** Listed entries follows **

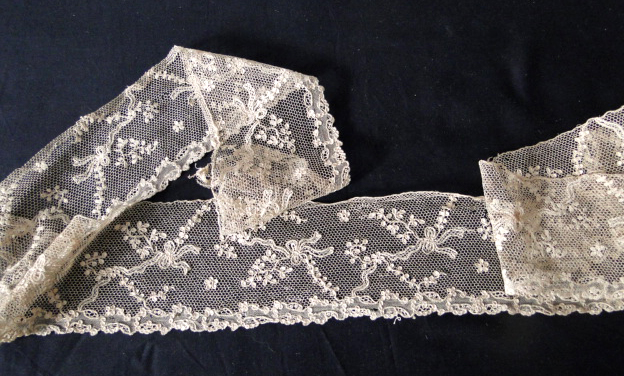 Comments: Not very long (28″ x 2.5″), not in the greatest condition, but I like this piece. Nice design of bows, using the brides boucle ground and regular Alençon reseau as a filling. This stiffer edged lace often goes under the name of ‘Herren Alençon’, indicating it’s use as cuff material on men’s shirts. But it could be used as an edging anywhere. This one has a little more elaborate design than is usually found. Impossible to say if it was made in Alençon or Agentan – in the later 18th century both towns used many of the same stitches.
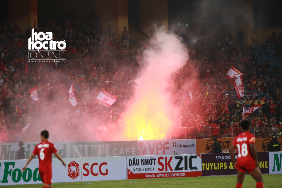 Sau bàn thua, cổ động viên Hải Phòng quá khích đã đốt pháo sáng, rồi ném xuống sân.
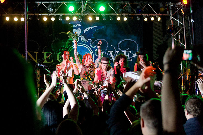 „Planet Of The Sun“ leitete den Zugabeblock ein und man konnte ohne Mühe erkennen, dass Band und Publikum reichlich Spaß hatten. Die mehreren hundert Zuschauer machten einen Wahnsinns Lärm, tanzten, sangen, klatschten und feierten ihre Band ausgiebig. Ein wirklich gelungener Tourauftakt für die Jungs, die nach ihrem letzten Song „Sinners Night/Misty Morning“ gar nicht mehr von der Bühne wollten. Sie waren sichtlich gerührt und 100%ig begeistert. Sänger Jonne sagte gewiss 10 mal ein „I don’t wanna leave this place“ (positiv) fassungslos in sein Mikrofon. Doch auch ein so schöner Abend muss einmal enden. Nach über 100 Minuten Negative live verabschiedeten sich die fünf Musiker lange und mit Rosen für ihre Fans. Glücklich und zufrieden schlenderte die Meute anschließend zum Merchandise Stand, um das Gekaufte später von der Band signieren zu lassen.
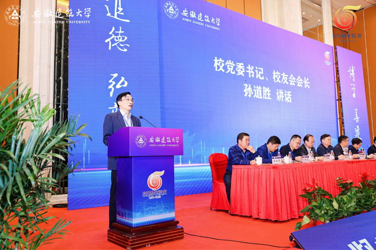 孙道胜发表讲话。他向校友报告了学校教育事业发展和进步、校友组织建设和校友工作开展及今后一段时期校友工作基本设想。他指出,65年来,一代代建大校友继承母校“吃苦耐劳、细腻规范、团结协作和独具匠心”的徽匠品质,在各行各业追求卓越、创造辉煌,为母校赢得社会声誉。校友是学校的宝贵资源,母校的改革、建设和发展离不开广大校友的鼎力支持。校友工作是学校的一项基础性、长期性、战略性工作,学校将进一步把校友工作摆在学校发展的重要位置,健全校院两级校友工作机制,动员全校上下和广大师生员工积极参与,开创学校校友工作新局面。学校将努力为校友终身发展提供最好的服务,进一步办好校友媒体和智慧管理系统,举办高质量校友活动,促进母校与校友、校友与校友之间沟通交流,为校企合作提供信息服务。他强调,今天学校迎来建校65周年华诞,也是在“十四五”发展的关键节点,要发挥各自优势,加强合作,更好地发挥校友在母校改革建设和发展中的积极作用,扎实推进学校高质量发展,不断提升学校综合竞争力。欢迎广大校友常回家看看!
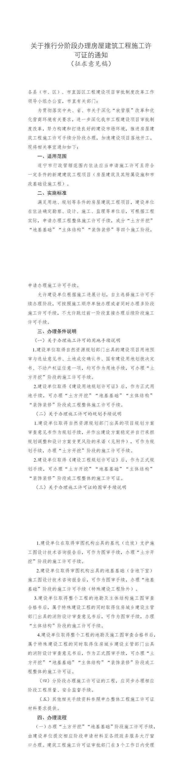 关于推行分阶段办理房屋建筑工程施工许可证的通知
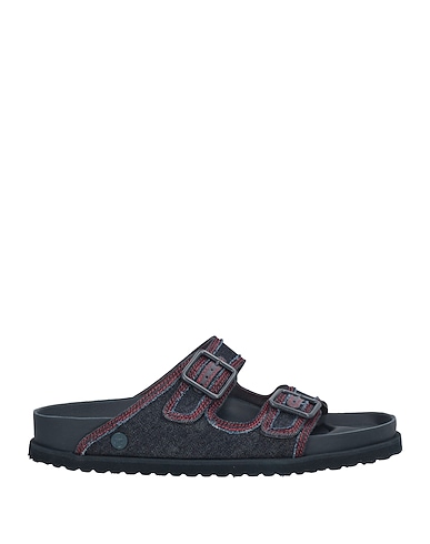 sandali tecnici, denim, tinta unita, brand logo, interno in pelle, chiusura con fibbia, punta tonda, senza tacco, suola in gomma, contiene parti non tessili di origine animale, plantare: narrow fit
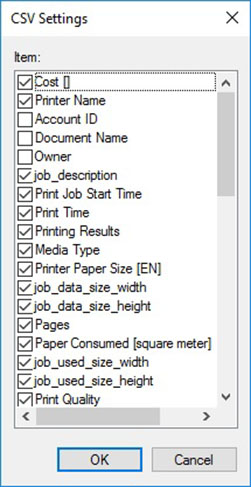 显示可以导出到CSV格式文件的项目。 选择要导出的项目。
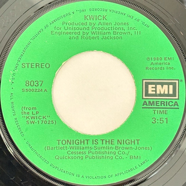 メンフィスの4人組ソウル/ファンクバンドKwickが80年に残した1stアルバムから2曲をカットしたシングル。
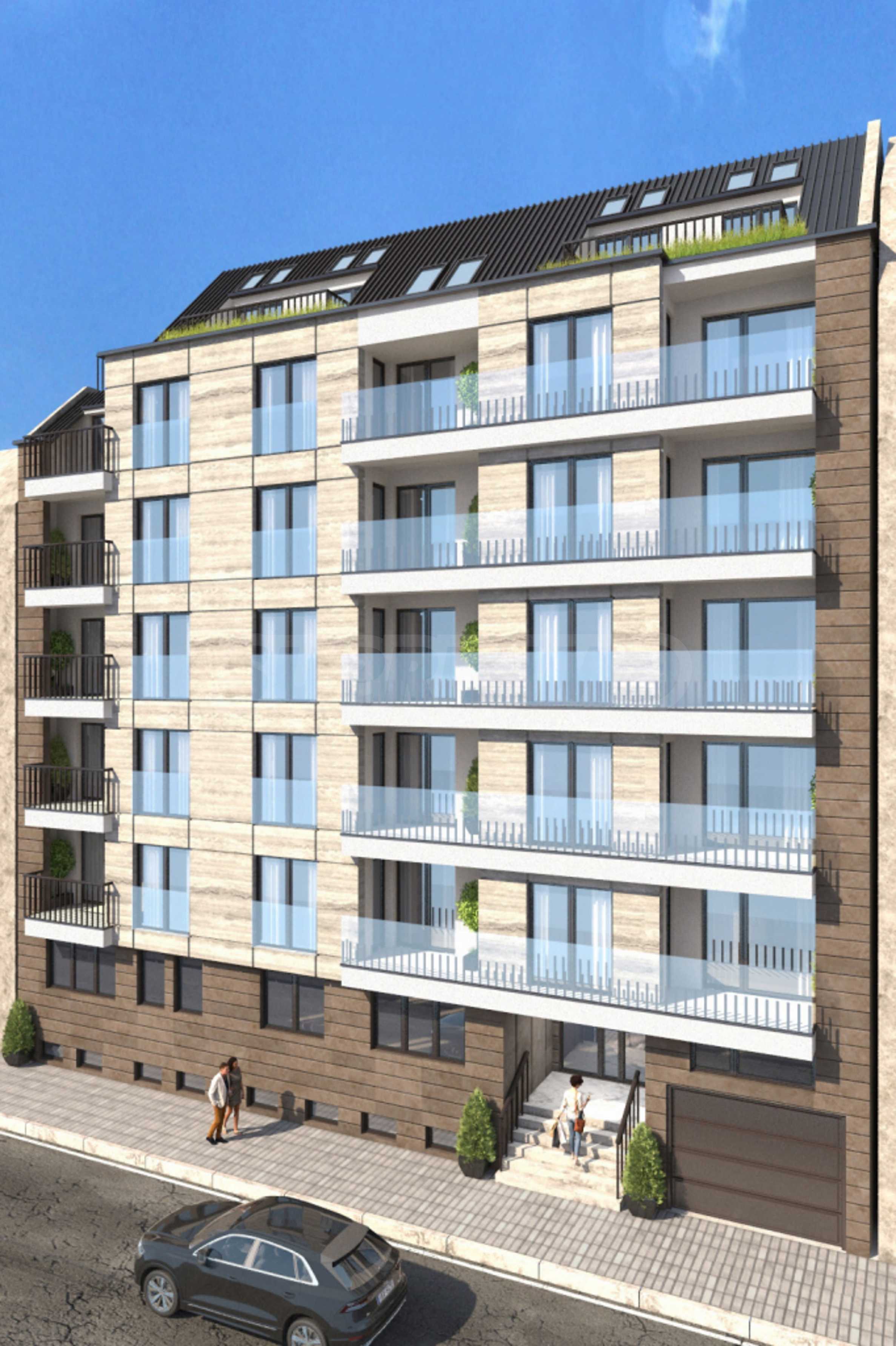 Здание имеет привлекательный фасад с современным дизайном и предлагает высокое качество исполнения. Фасад отличается элегантной архитектурой, сочетанием натуральных материалов, современными террасами со стеклянными перилами и оптимально спланированным пространством.
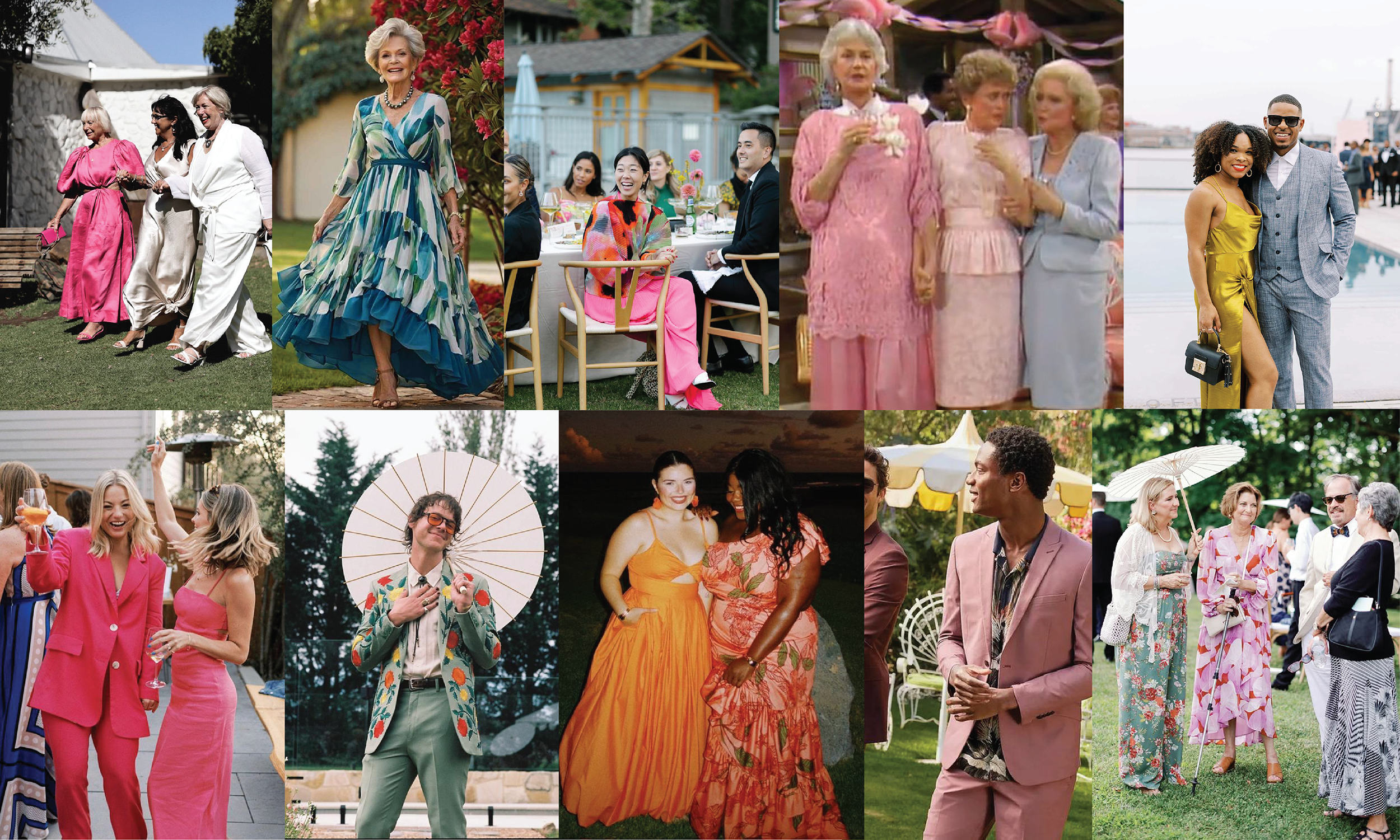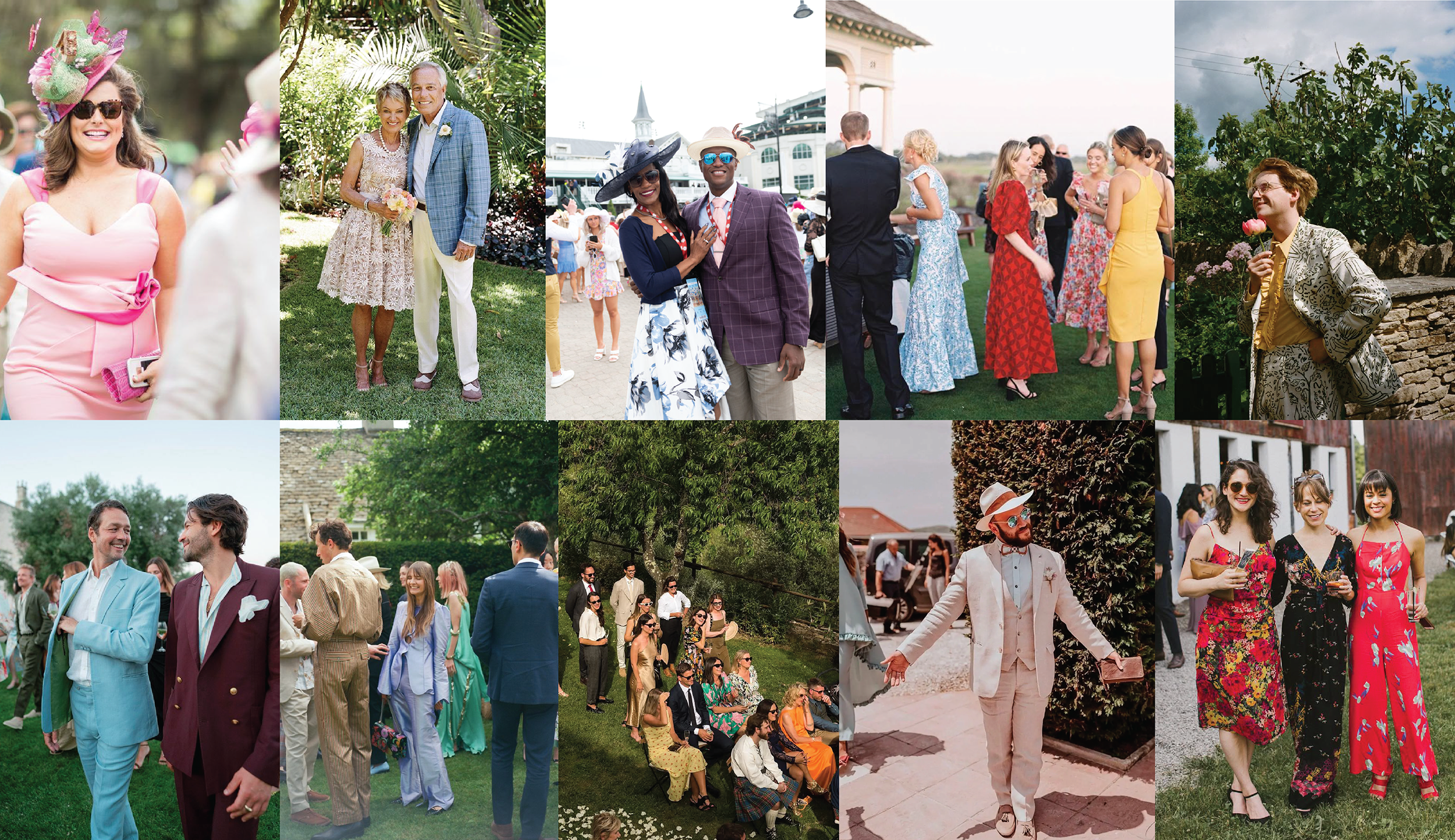"Festive" - We encourage our guests to let their personal style shine through. Feel free to experiment with colors, textures, prints, and accessories. No color is off limits - including white - because there is no bride to worry about outshining! Just have fun and look fabulous.

** End of Listed entries **

## Exercise instructions
Set down the entries above word for word, but drop any image.

## Response box
 Comments: Not very long (28″ x 2.5″), not in the greatest condition, but I like this piece. Nice design of bows, using the brides boucle ground and regular Alençon reseau as a filling. This stiffer edged lace often goes under the name of ‘Herren Alençon’, indicating it’s use as cuff material on men’s shirts. But it could be used as an edging anywhere. This one has a little more elaborate design than is usually found. Impossible to say if it was made in Alençon or Agentan – in the later 18th century both towns used many of the same stitches.
 Sau bàn thua, cổ động viên Hải Phòng quá khích đã đốt pháo sáng, rồi ném xuống sân.
 „Planet Of The Sun“ leitete den Zugabeblock ein und man konnte ohne Mühe erkennen, dass Band und Publikum reichlich Spaß hatten. Die mehreren hundert Zuschauer machten einen Wahnsinns Lärm, tanzten, sangen, klatschten und feierten ihre Band ausgiebig. Ein wirklich gelungener Tourauftakt für die Jungs, die nach ihrem letzten Song „Sinners Night/Misty Morning“ gar nicht mehr von der Bühne wollten. Sie waren sichtlich gerührt und 100%ig begeistert. Sänger Jonne sagte gewiss 10 mal ein „I don’t wanna leave this place“ (positiv) fassungslos in sein Mikrofon. Doch auch ein so schöner Abend muss einmal enden. Nach über 100 Minuten Negative live verabschiedeten sich die fünf Musiker lange und mit Rosen für ihre Fans. Glücklich und zufrieden schlenderte die Meute anschließend zum Merchandise Stand, um das Gekaufte später von der Band signieren zu lassen.
 孙道胜发表讲话。他向校友报告了学校教育事业发展和进步、校友组织建设和校友工作开展及今后一段时期校友工作基本设想。他指出,65年来,一代代建大校友继承母校“吃苦耐劳、细腻规范、团结协作和独具匠心”的徽匠品质,在各行各业追求卓越、创造辉煌,为母校赢得社会声誉。校友是学校的宝贵资源,母校的改革、建设和发展离不开广大校友的鼎力支持。校友工作是学校的一项基础性、长期性、战略性工作,学校将进一步把校友工作摆在学校发展的重要位置,健全校院两级校友工作机制,动员全校上下和广大师生员工积极参与,开创学校校友工作新局面。学校将努力为校友终身发展提供最好的服务,进一步办好校友媒体和智慧管理系统,举办高质量校友活动,促进母校与校友、校友与校友之间沟通交流,为校企合作提供信息服务。他强调,今天学校迎来建校65周年华诞,也是在“十四五”发展的关键节点,要发挥各自优势,加强合作,更好地发挥校友在母校改革建设和发展中的积极作用,扎实推进学校高质量发展,不断提升学校综合竞争力。欢迎广大校友常回家看看!
 关于推行分阶段办理房屋建筑工程施工许可证的通知
 sandali tecnici, denim, tinta unita, brand logo, interno in pelle, chiusura con fibbia, punta tonda, senza tacco, suola in gomma, contiene parti non tessili di origine animale, plantare: narrow fit
 显示可以导出到CSV格式文件的项目。 选择要导出的项目。
 メンフィスの4人組ソウル/ファンクバンドKwickが80年に残した1stアルバムから2曲をカットしたシングル。
 Здание имеет привлекательный фасад с современным дизайном и предлагает высокое качество исполнения. Фасад отличается элегантной архитектурой, сочетанием натуральных материалов, современными террасами со стеклянными перилами и оптимально спланированным пространством.
"Festive" - We encourage our guests to let their personal style shine through. Feel free to experiment with colors, textures, prints, and accessories. No color is off limits - including white - because there is no bride to worry about outshining! Just have fun and look fabulous.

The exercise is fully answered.